El tomate lleva siglos ligado a la alimentación mediterránea, pero parte de su valor también se encuentra en aquello que no se aprecia a simple vista. El licopeno, pigmento natural responsable de su característico color rojo, destaca por unas propiedades antioxidantes que han ampliado su recorrido hasta el cuidado de la piel.
Lycolé ha construido su propuesta precisamente alrededor de este ingrediente. Desde Extremadura, la firma desarrolla cosmética natural con licopeno y traslada este compuesto de origen vegetal a distintas fórmulas pensadas para integrarse con naturalidad en el cuidado diario.
El licopeno como punto de partida de Lycolé
La historia de Lycolé comenzó en diciembre de 2013. Blanca Bravo García, Gema Correa Cruz y Mamen González Castaños, tres amigas aficionadas desde pequeñas a la cosmética natural y posteriormente socias fundadoras de la compañía, comenzaron a plantearse qué ocurriría si las propiedades conocidas de este pigmento en alimentación se trasladaban al ámbito cosmético.
Extraído directamente del tomate, el licopeno destaca especialmente por su acción antioxidante frente a los radicales libres, cuyo efecto sobre las células y estructuras como el colágeno y la elastina está relacionado con el envejecimiento de la piel. Esa capacidad para hacer frente al estrés oxidativo fue una de las propiedades que despertó el interés por explorar sus posibilidades en cosmética. La pregunta abrió un periodo de investigación y consultas con profesionales que terminó dando forma a una línea de belleza articulada alrededor de este ingrediente.
Ese vínculo con el tomate continúa presente en la propia estructura productiva. Lycolé dispone de laboratorio y controla la cadena de producción desde sus primeras fases hasta el empaquetado. A ello se suma la incorporación, en 2017, del Grupo Empresarial GECONESA, dedicado al procesado de tomate en Extremadura y proveedor del licopeno empleado por la marca.
El resultado es una propuesta de cosmética natural con licopeno que incorpora este compuesto a fórmulas concebidas para integrarse en diferentes rutinas de belleza.
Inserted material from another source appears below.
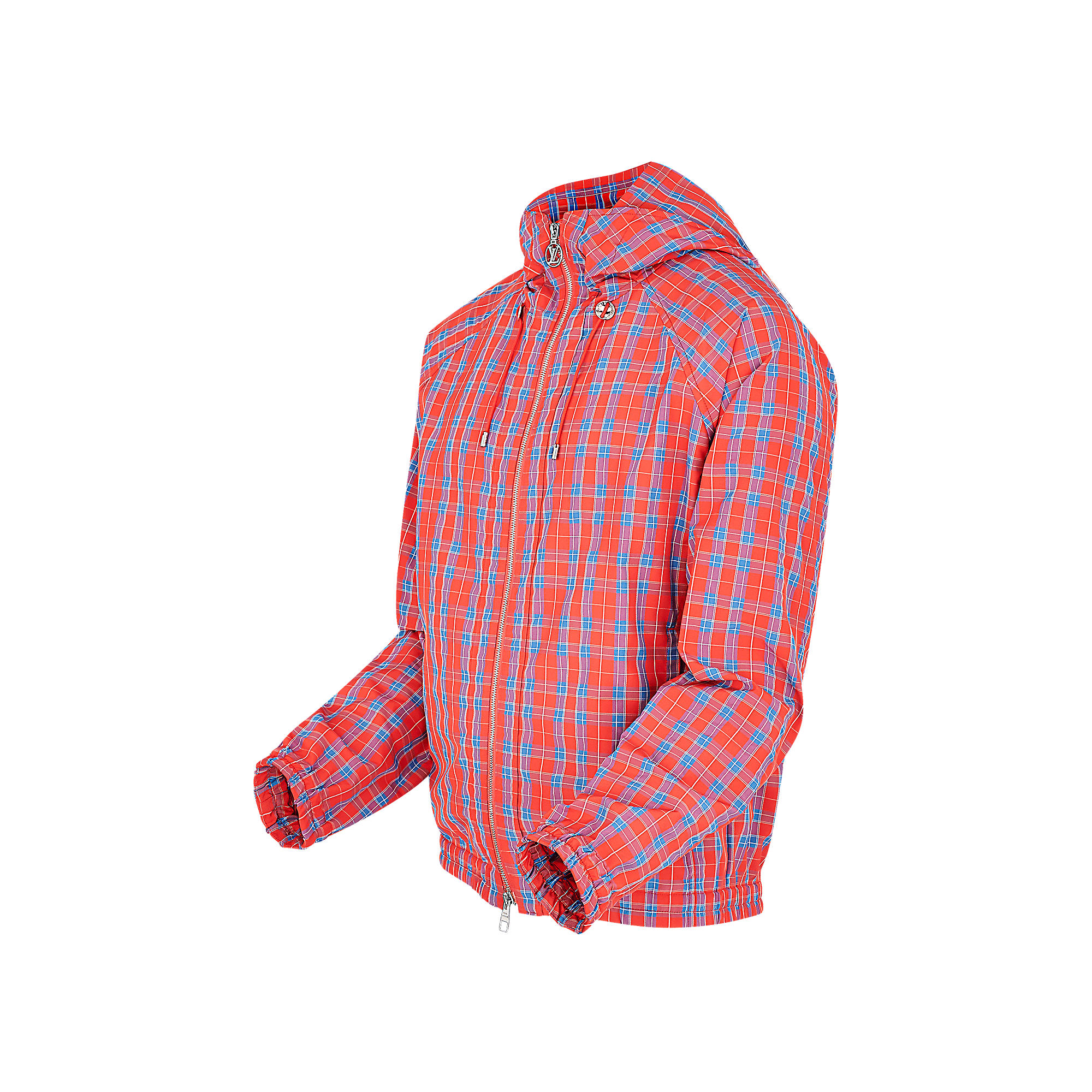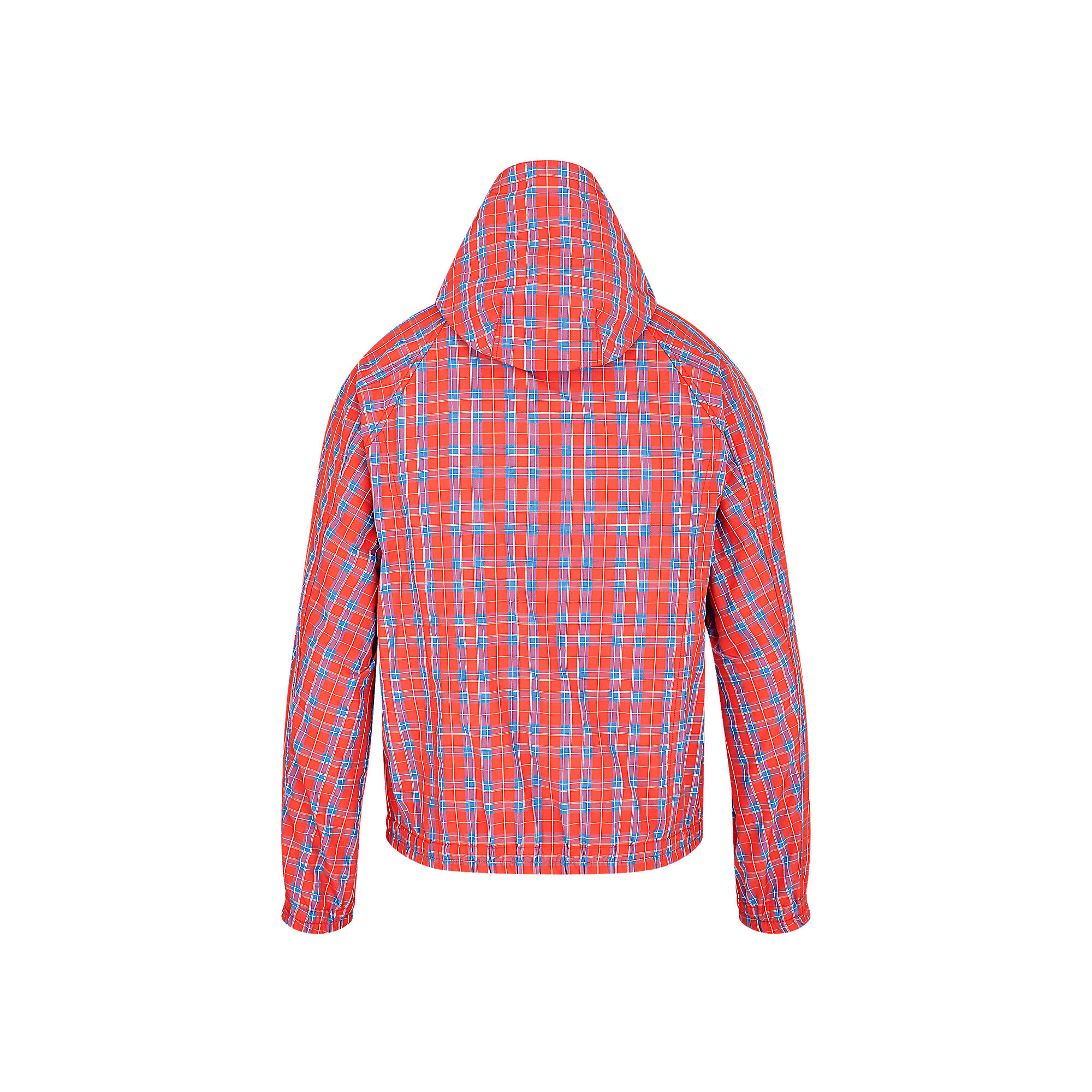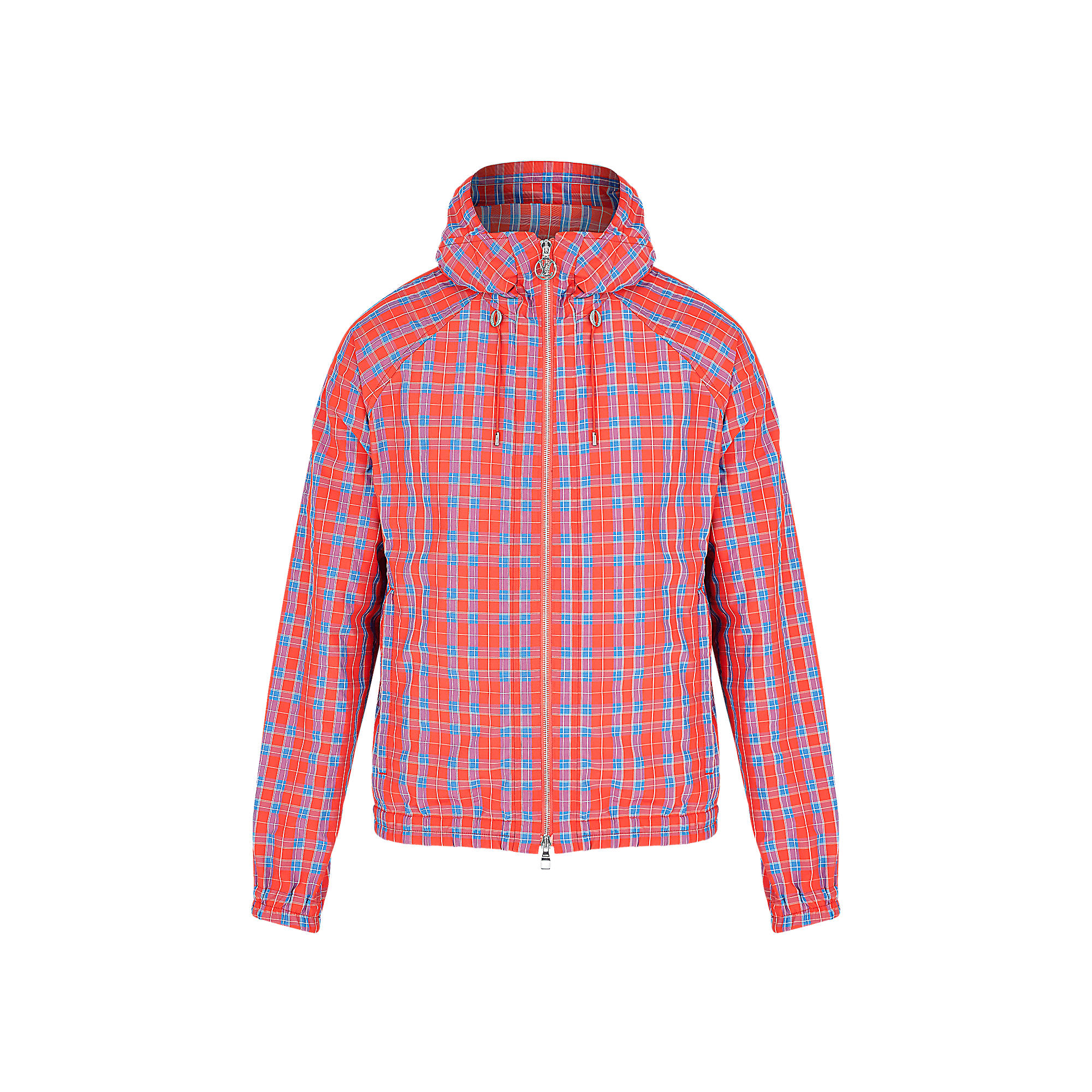 A casual piece in a technical seersucker adorned with this season’s emblematic check motif, unlined for extra lightness and comfort. Featuring an elasticated waist and cuffs, it can be packed away neatly into an inside pocket.
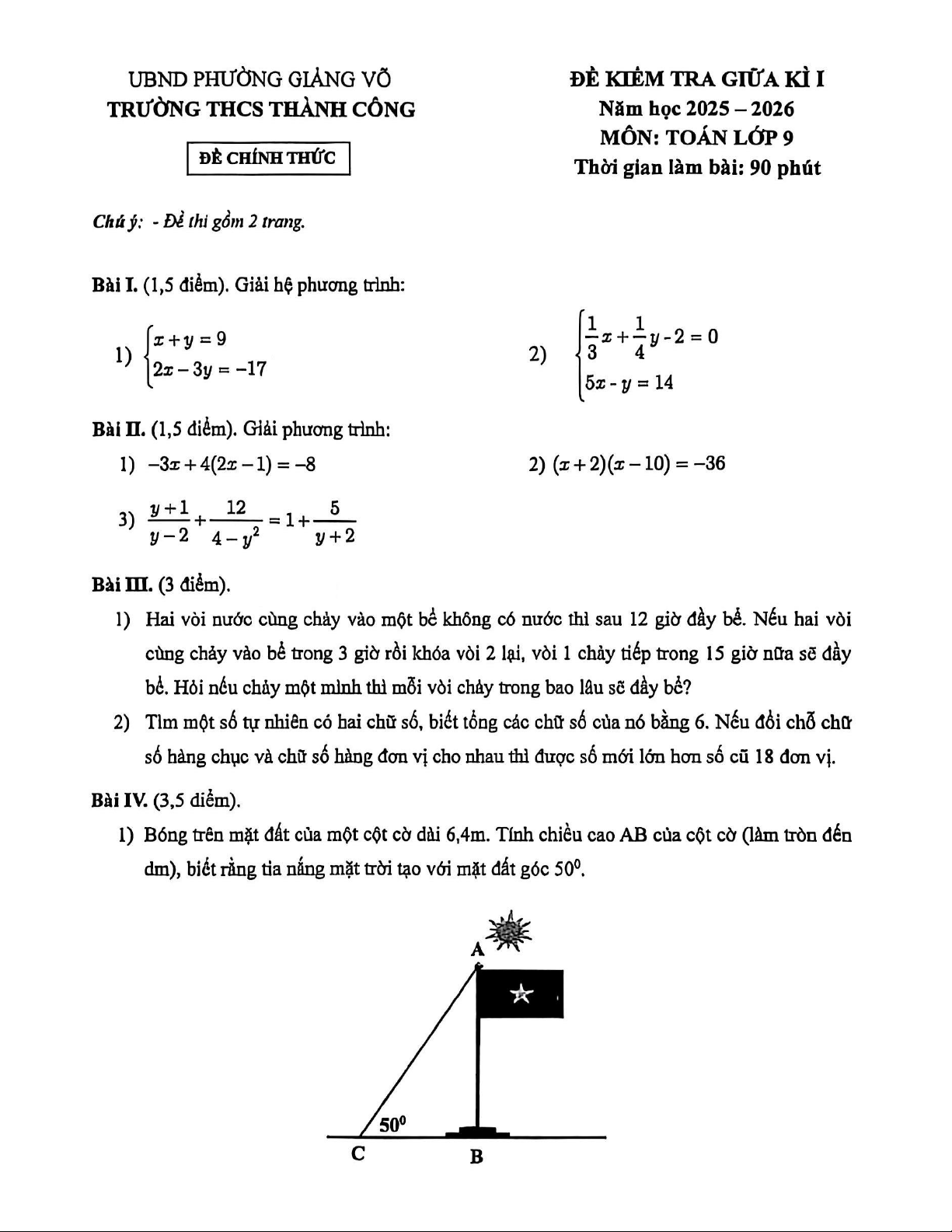 Xin giới thiệu đến quý thầy, cô giáo và các em học sinh đề kiểm tra giữa học kì 1 môn Toán 9 năm học 2025 – 2026 trường THCS Thành Công, phường Giảng Võ, thành phố Hà Nội. Đề thi gồm 02 trang với 05 bài toán dạng tự luận, thời gian làm bài 90 phút.

Un mismo ingrediente para distintos momentos frente al espejo
El licopeno no queda limitado a un único producto. Lycolé lo incorpora a soluciones destinadas al rostro, los labios, el cuerpo y el cabello, haciendo que una misma materia prima esté presente en distintos gestos cotidianos.
La gama incluye un sérum femenino que combina licopeno con aceites, vitaminas y colágeno, además de un sérum masculino formulado para la piel y la barba. Junto a ellos aparecen el jabón cosmético orgánico, destinado a la limpieza facial y corporal; el bálsamo labial, orientado a hidratar, nutrir y reparar los labios; el contorno de labios; y un champú sólido enriquecido con aceites esenciales cien por cien naturales.
Uno de estos desarrollos recibió además un reconocimiento en 2022. El Sérum de Licopeno obtuvo la distinción de producto «Clean» en los Premios Victoria de la Belleza, donde se valoraron su formulación cien por cien natural, el poder antioxidante del licopeno y una producción respetuosa con el medio ambiente.
El tomate continúa así marcando el recorrido de Lycolé. Con laboratorio propio y el licopeno como hilo conductor de su línea de belleza, la compañía lleva las propiedades de este pigmento natural a diferentes fórmulas y usos cosméticos. Una propuesta que mantiene su punto de partida en el tomate y encuentra en el cuidado diario de la piel su principal campo de aplicación.